Adult Basic Education for Social Change

Adult Basic Education for Social Change

adult basis education and training ABET
Monday, 20 December, 2010 – 11:16

South African adults need adult basic education that will enable them to put food on the table and empower them to understand human rights and participate in their own democracy

Why is a large broad-based adult basic education programme not part of government’s ‘New Growth Path’? Are we content to merely provide pensions and grants to millions of adult South Africans who should be learning productive skills, entrepreneurship, basic health – and also about democracy?

We are marginalising our people and keeping them dependent while we focus on those who have better education. And while we ignore the poorly educated, a seasoned adult-education NGO, Project Literacy, is retrenching skilled staff: as reported last month, this is because grants from the National Skills Fund have been suspended while government completes the formalities surrounding its new skills qualifcations.
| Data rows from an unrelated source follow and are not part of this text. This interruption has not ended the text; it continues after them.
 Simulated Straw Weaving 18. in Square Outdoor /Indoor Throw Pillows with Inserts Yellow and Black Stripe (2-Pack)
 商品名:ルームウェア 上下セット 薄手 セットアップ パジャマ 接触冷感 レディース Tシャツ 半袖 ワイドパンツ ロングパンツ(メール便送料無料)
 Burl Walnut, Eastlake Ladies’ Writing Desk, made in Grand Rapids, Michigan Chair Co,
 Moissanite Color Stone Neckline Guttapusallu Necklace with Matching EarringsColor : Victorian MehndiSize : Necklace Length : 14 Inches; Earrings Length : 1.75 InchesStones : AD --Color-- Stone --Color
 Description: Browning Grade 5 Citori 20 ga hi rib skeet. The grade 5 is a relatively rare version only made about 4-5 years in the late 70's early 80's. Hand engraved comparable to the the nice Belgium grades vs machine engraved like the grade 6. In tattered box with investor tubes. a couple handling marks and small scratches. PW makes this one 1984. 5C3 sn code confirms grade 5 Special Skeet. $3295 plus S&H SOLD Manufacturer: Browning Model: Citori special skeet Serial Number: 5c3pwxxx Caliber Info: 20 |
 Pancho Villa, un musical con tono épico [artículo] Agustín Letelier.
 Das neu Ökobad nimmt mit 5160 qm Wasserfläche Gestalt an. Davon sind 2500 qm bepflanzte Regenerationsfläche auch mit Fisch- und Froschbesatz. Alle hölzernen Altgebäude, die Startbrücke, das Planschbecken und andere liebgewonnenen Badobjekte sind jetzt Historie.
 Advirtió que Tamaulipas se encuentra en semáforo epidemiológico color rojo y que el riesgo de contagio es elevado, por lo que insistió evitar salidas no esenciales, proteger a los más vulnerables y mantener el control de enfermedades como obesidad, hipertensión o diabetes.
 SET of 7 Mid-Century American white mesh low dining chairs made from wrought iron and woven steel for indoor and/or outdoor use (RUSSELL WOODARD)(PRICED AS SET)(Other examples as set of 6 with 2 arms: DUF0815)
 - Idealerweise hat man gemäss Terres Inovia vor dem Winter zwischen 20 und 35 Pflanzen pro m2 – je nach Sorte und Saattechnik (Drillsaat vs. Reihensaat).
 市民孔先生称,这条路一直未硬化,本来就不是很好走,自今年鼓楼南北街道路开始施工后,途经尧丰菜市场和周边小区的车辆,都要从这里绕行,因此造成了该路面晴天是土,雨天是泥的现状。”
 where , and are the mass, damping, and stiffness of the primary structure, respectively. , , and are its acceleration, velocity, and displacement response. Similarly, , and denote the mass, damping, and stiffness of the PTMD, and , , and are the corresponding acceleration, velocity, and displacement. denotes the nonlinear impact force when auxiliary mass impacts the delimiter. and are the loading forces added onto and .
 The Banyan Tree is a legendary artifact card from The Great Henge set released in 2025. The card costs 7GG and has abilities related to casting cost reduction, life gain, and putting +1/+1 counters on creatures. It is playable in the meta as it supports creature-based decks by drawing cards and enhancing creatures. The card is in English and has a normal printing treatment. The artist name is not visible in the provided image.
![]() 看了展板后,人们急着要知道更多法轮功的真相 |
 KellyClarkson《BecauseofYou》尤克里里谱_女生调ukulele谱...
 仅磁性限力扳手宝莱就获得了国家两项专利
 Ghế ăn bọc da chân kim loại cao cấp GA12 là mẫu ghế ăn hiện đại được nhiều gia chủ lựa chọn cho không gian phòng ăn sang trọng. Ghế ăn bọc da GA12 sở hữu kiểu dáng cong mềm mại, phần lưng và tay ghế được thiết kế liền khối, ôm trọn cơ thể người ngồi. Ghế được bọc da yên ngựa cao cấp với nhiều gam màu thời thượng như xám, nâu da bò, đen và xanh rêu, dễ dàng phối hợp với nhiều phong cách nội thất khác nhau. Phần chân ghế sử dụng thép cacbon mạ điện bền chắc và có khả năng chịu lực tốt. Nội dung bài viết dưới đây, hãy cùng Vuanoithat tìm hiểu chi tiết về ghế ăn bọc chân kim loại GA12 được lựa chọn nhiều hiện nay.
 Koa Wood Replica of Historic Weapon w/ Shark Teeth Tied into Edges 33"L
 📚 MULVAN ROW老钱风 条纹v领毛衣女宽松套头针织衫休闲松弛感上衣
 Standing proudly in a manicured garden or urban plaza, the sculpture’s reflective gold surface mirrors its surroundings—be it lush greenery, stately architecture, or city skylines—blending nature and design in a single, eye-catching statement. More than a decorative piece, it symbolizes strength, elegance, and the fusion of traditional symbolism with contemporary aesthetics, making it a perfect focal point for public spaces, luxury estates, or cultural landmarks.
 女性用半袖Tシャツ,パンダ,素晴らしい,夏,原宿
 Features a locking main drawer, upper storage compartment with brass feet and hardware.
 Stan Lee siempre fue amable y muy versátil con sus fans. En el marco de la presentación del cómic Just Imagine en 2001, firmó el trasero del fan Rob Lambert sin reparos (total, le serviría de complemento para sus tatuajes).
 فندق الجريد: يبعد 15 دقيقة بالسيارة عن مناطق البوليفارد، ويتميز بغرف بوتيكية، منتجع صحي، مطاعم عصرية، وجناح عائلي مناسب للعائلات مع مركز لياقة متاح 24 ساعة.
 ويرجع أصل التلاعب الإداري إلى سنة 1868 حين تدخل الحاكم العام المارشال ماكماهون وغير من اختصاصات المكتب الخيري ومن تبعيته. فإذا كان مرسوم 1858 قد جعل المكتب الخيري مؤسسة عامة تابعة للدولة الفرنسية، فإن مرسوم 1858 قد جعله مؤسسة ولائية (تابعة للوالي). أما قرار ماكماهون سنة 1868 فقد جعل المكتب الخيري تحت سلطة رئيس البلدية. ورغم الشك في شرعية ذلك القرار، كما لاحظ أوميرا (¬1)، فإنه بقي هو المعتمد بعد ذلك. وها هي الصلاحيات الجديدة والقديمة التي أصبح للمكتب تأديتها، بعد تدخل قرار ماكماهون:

Adult basic education (ABE) can make dreams possible for thousands of adult South Africans who struggle daily for food and security. A strong South African ABE programme can offer education and training to help people make money, improve family health, share in community life, participate more in our democracy, take hold of their own human rights and extend these rights to others. It can help to build social justice and equity. 

Take the story of a courageous rural literacy learner called Zanele, a member of an Operation Upgrade literacy class. She was the new wife in a polygamous family dominated by the first wife. In literacy lessons Zanele discovered that she had human rights and she questioned her role and status as a makoti (new bride, a newcomer to the family and a source of labour). She worried about HIV as well, after an alarming literacy discussion about how people get infected.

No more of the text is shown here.